Bloomberg Terminal in Main Library now available for student use


Alex Perry/Daily Senior Staffer

The Bloomberg Terminal allows users to access market insights and data, as well as read articles and research on a broad range of topics.

Alex Perry, Editor in Chief

Managing a well-balanced and diversified portfolio between classes just got a little easier with the installation of a brand-new Bloomberg Terminal in Main Library. 

The high-tech hub for financial news and information currently has an annual price of $30,000 (without an educator discount) and is wedged between computer workstations in the John P. McGowan Information Commons. It’s been up and running since the beginning of Winter Quarter. 

“It’s got great information in the more esoteric corners of the financial market,” librarian Carol Doyle said. “Bond information, municipal bonds, derivatives, options and things like that.” 

As Northwestern Libraries’ management and business librarian, Doyle is responsible for aggregating resources that improve faculty and students’ access to business materials, such as resource guides or market reports.  

Doyle said that previously, undergraduates looking to access a Bloomberg Terminal would have to visit the Kellogg Global Hub after looking up guides on NU Libraries’ website. 

“I would work with the people in Kellogg research support, so that they would know that undergraduates were coming over,” Doyle said. “Through our outreach and through our research guides, we let people know that (Terminals) were located there and that they could go over and access them.” 

Just over a year ago, Doyle advocated for one to be installed in Main Library, removing extra steps in the process and making the Terminal’s resources more accessible to undergraduates.

Doyle said she hopes students use the work station for classwork in courses related to economics or business institutions. 

Students within the finance community at NU see potential for the Terminal to help those interested in financial services gain familiarity with industry-standard technology that many full-time analysts rely on everyday. 

Women In Business President and Weinberg junior Phoebe Cahill was an investment banking intern at Bank of America last summer, and part of her final presentation required her to use the Terminal to price assets and bonds. 

Though she had previously interned at a hedge fund as a market research analyst, she was able to pick up more technical skills at her most recent internship.

She said that full-time analysts incorporate information and data from the Terminal in their day-to-day work, such as building financial models.  

“I think it would be awesome to incorporate (the Terminal) into some of the BIP classes or econ classes, just so you get hands-on experience because it really is used in a lot of banking jobs and internships,” Cahill said. 

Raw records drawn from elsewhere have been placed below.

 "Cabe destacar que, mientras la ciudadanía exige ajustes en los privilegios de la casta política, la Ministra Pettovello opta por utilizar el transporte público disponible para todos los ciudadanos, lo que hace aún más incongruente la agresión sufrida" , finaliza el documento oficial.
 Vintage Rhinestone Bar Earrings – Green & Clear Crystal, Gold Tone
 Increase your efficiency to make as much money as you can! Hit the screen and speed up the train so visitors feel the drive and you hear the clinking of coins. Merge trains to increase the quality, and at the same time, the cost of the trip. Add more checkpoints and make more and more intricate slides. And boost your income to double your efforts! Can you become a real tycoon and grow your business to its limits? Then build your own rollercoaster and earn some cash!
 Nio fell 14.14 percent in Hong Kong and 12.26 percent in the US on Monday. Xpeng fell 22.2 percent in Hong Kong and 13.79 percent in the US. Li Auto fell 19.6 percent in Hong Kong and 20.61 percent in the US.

Though WIB has a finance division, Cahill also sees potential for members of finance-oriented clubs, like Investment Management Group or Northwestern Capital Management, to use the Terminal to gain experience with skills they will need in the future. 

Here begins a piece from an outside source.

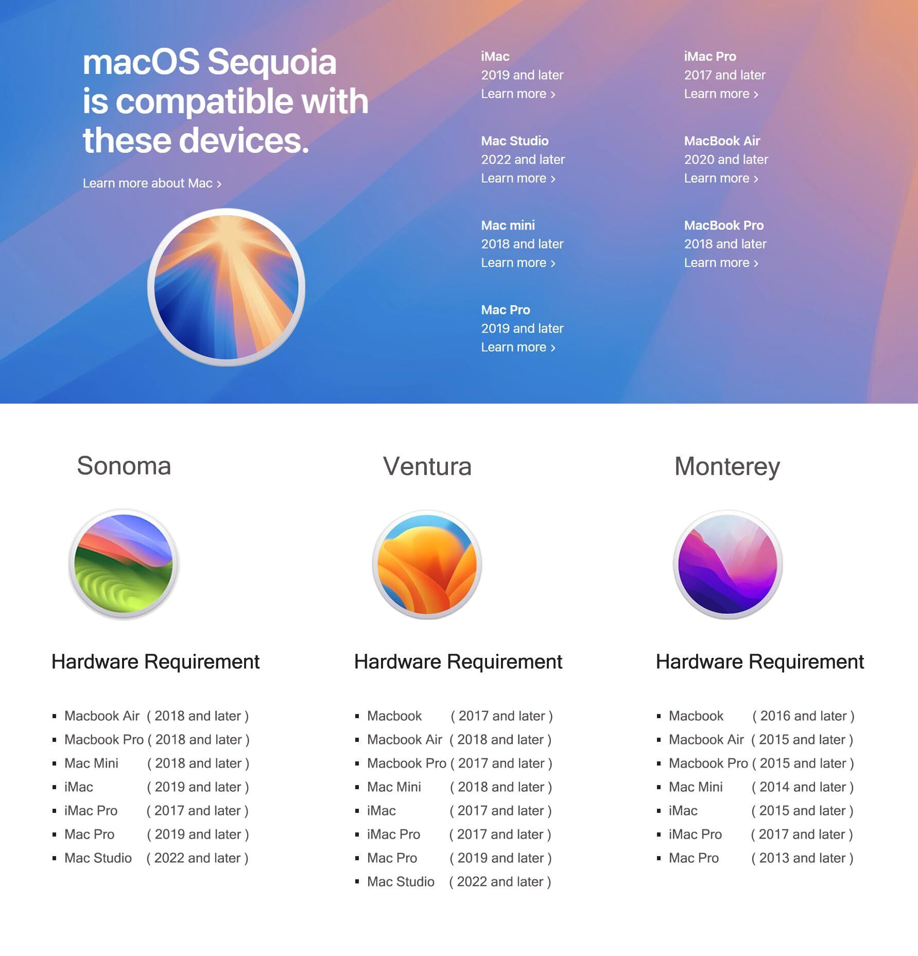 Sequoia 15、Sonoma 14、Ventura 13、Monterey 12.7

Medill junior Elisabeth Betts, who will return to J.P. Morgan and Chase as an investment banking analyst this summer, said her first experience with the Terminal was during her summer internship last year. 

“When we were operating within the sales and trading markets division, they took us to the trading floor and everything, and we saw people using the Bloomberg Terminal,” she said. 

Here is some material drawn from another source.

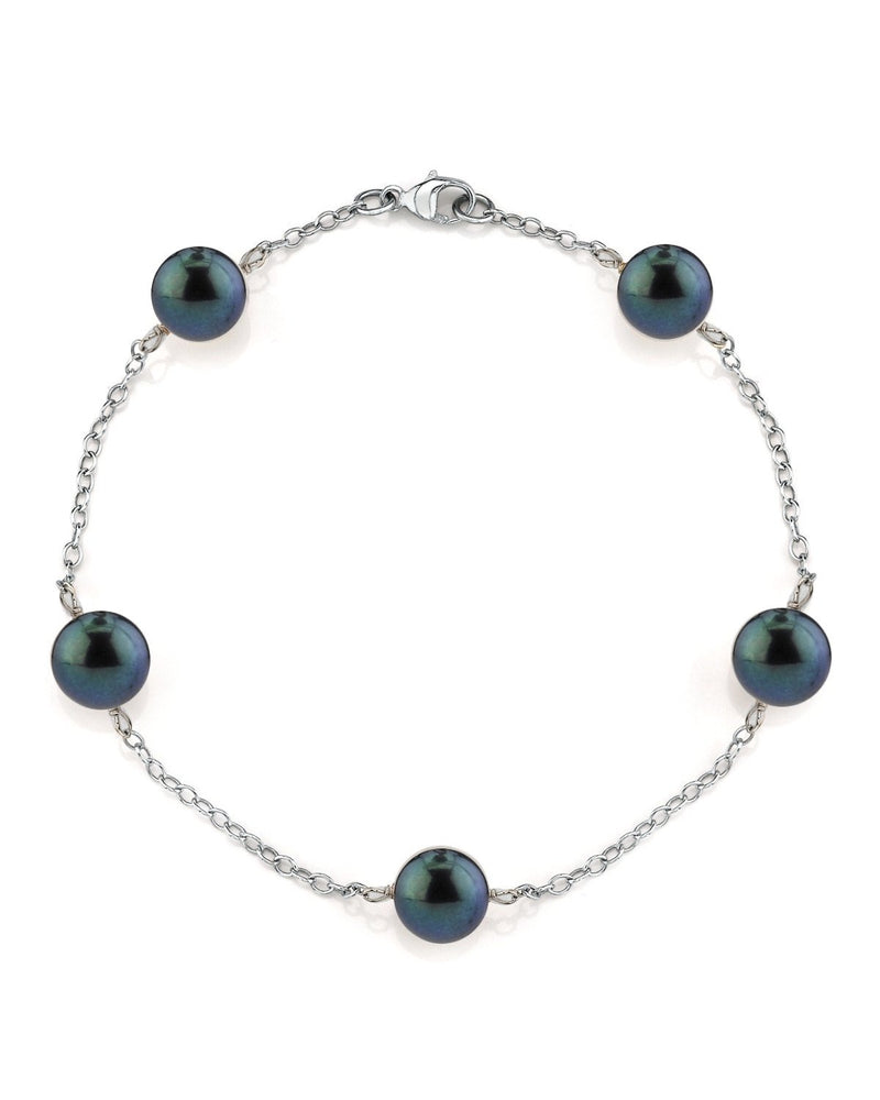 Intensely saturated, Midnight Blue to Greenish-Black Overtones are sure to capture the eye and the imagination.This beautiful Black Akoya Pearl Bracelet ranges between 7.0-7.5mm in size and consists of beautiful and lustrous pearls in AA+ Quality.

There, Betts was able to “poke around” the interface and become familiar with its functions. 

Though she may not work with the Terminal every day post-grad, she said that because she’s going into financial services, knowing how to navigate around it helps her communicate with the coworkers who do. 

Betts added that if the University promotes the Terminal more, undergraduates who are unfamiliar with financial services as a career will be able to get a headstart in the industry. 

“I think it would be nice to see Northwestern foster an understanding of the Terminal and what it is,” Betts said. “Financial services as a whole is still pretty inaccessible as an industry.”

As for limitations on use, Doyle said that Information Commons staff are keeping an eye on the number of people asking to use it and will adjust according to demand, meaning adding sign-ups for time slots. 

Communication junior Frances McKittrick, who works at the circulation desk, said she has fielded a handful of inquiries from students curious about the Terminal since its installation, but the demand hasn’t been too overwhelming. 

Until then, the Terminal is available for students of all levels to use during the library’s hours of operations.

“We always want to make access easy for students,” Doyle said. “We don’t want students having to wait long periods of time to use the Bloomberg Terminal.”